Some authors say that the emotional bond is our psychological immune system. What are the stages of the attachment bond and how does it develop?
Although there are many theories that define and explain attachment, the most important, which serves as a benchmark, is that established by John Bowlby. For this psychiatrist and psychoanalyst, children are biologically programmed to bond with others in order to survive. So he believed that all the behaviors involved in creating and maintaining that bond were instinctive.
On the other hand, it is important to remember one thing: the bond of attachment will not disappear over time. In a way, it will influence us all our life through all the relationships that we are going to establish. It is therefore essential to develop a secure attachment based on feelings of trust and protection.
The stages of the attachment bond
Bowlby’s evolutionary model establishes four phases for the creation of this emotional bond. Normally, these attachment phases are particularly noticeable in the relationship between a mother and her child, even if it is true that this bond can also be created between another main guardian and the child.
We will now explain how the establishment of this emotional bond evolves from Bowlby’s point of view. Let’s explore the different stages of the attachment link.
1. Pre-attachment phase
This first phase takes place during the first six weeks of the baby’s life. The little one accepts easily, in general, any human being who makes him feel at ease. In other words, it doesn’t show preference for anyone in particular.
During this stage, the child’s repertoire of innate behaviors helps it to attract the attention of adults. It also responds to external stimuli.

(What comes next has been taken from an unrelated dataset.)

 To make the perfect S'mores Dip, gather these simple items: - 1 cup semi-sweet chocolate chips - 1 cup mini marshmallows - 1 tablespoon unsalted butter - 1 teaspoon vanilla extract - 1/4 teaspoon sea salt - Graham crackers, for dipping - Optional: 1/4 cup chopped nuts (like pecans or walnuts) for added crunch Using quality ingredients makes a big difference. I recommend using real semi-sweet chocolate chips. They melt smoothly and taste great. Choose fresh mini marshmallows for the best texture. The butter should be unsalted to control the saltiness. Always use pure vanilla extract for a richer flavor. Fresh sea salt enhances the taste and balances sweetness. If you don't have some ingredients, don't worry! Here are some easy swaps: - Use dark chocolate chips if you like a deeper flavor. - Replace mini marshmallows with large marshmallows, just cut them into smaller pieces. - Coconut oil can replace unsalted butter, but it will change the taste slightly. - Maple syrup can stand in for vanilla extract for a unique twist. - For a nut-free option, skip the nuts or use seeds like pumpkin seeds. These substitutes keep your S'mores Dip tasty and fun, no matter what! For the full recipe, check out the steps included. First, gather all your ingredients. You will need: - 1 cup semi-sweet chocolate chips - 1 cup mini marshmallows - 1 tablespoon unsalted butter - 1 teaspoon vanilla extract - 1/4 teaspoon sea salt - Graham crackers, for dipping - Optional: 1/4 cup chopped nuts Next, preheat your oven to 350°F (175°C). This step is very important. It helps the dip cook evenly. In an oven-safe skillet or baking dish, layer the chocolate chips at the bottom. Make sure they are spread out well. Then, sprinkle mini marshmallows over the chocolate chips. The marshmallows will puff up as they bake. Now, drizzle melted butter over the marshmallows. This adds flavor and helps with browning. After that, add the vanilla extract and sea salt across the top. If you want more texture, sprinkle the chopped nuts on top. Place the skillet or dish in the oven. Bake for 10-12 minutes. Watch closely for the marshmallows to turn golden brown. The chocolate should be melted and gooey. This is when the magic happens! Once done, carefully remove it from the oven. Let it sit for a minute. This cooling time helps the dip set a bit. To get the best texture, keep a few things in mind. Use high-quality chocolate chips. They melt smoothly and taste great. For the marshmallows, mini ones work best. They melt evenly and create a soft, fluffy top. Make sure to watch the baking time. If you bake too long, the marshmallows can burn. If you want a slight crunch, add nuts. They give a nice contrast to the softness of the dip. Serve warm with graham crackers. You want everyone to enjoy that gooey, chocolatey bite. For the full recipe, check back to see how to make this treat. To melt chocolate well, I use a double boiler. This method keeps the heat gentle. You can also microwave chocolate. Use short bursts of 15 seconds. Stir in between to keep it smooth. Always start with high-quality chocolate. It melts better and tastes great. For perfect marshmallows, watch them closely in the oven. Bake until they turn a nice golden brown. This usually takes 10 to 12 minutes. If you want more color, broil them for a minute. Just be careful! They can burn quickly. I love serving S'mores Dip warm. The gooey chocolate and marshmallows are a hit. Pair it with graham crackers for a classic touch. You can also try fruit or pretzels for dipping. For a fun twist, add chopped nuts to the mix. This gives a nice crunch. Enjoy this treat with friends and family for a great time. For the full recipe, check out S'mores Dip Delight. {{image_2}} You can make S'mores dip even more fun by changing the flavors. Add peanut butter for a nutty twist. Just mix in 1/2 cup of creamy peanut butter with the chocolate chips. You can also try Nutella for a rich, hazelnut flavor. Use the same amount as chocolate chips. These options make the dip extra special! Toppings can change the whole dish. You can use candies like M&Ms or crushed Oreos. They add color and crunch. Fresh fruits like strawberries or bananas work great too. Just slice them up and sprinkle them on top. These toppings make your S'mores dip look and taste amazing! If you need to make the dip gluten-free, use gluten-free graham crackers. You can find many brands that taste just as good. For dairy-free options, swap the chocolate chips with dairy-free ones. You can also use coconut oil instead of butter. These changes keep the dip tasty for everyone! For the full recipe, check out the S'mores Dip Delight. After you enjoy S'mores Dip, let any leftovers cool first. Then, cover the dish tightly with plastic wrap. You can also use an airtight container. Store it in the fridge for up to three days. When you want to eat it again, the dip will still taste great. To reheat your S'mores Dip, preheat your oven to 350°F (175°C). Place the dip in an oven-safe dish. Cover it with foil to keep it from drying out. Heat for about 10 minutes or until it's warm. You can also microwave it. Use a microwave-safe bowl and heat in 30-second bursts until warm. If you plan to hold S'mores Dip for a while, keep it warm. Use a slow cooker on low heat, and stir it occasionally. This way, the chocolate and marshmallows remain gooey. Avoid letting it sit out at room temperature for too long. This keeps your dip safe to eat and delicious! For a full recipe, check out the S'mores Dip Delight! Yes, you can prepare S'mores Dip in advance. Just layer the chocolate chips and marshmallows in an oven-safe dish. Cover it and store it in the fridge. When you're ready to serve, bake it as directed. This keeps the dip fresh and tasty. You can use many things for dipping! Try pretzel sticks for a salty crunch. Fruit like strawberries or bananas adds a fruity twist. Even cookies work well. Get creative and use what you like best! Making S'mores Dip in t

And seeks to establish physical contact.
During this period, maternal recognition is very rudimentary in the baby. He does not yet display a very strong attachment link. However, at the end of the phase, a few signs start to appear.
2. Training phase
After six weeks, and up to about eight months, a child begins to feel anxious if he is separated from other human beings. However, he does not specifically note the mother’s absence. And don’t totally reject strangers.
During this phase, he begins to orient his behavior and respond to the mother in a clear way. Despite everything, even if he does not appreciate being away from adults, he still does not show a preference for his progenitor.
3. Attachment phase
From six or eight months, and up to about two years, the actual attachment phase begins. The baby feels angry if separated from his mother and may even suffer from anxiety.

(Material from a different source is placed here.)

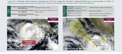 El meteoro presenta vientos máximos sostenidos de 120 km/h y se localiza a 470 kilómetros (km) al sur-suroeste de Cabo Corrientes, Jalisco, y a 780 km al sur-sureste de Cabo San Lucas, Baja California Sur.

It is not surprising that the baby physically rejects other people who are not his mother. For him, they represent a threat. Thus, all his actions are aimed at attracting the attention of the mother figure because he particularly seeks her presence.
4. Phase of reciprocal relations
From the age of two, the fourth and final phase begins. It is called the phase of reciprocal relations. The little one understands that the mother’s absence is not final. If all goes well, he can calm his own anxiety.
It is also during this phase that language appears. The child is able to have mental representations of his mother. He can therefore predict her return, understands when she leaves and comes back and cries less during her absence.
Finally, once all the stages of the infantile attachment bond are complete, a strong relationship will be created. Physical contact will no longer be so necessary even if the child will sometimes seek the presence of his mother to feel reassured. However, he knows that even if there is no physical contact, his mother will be there when he needs her.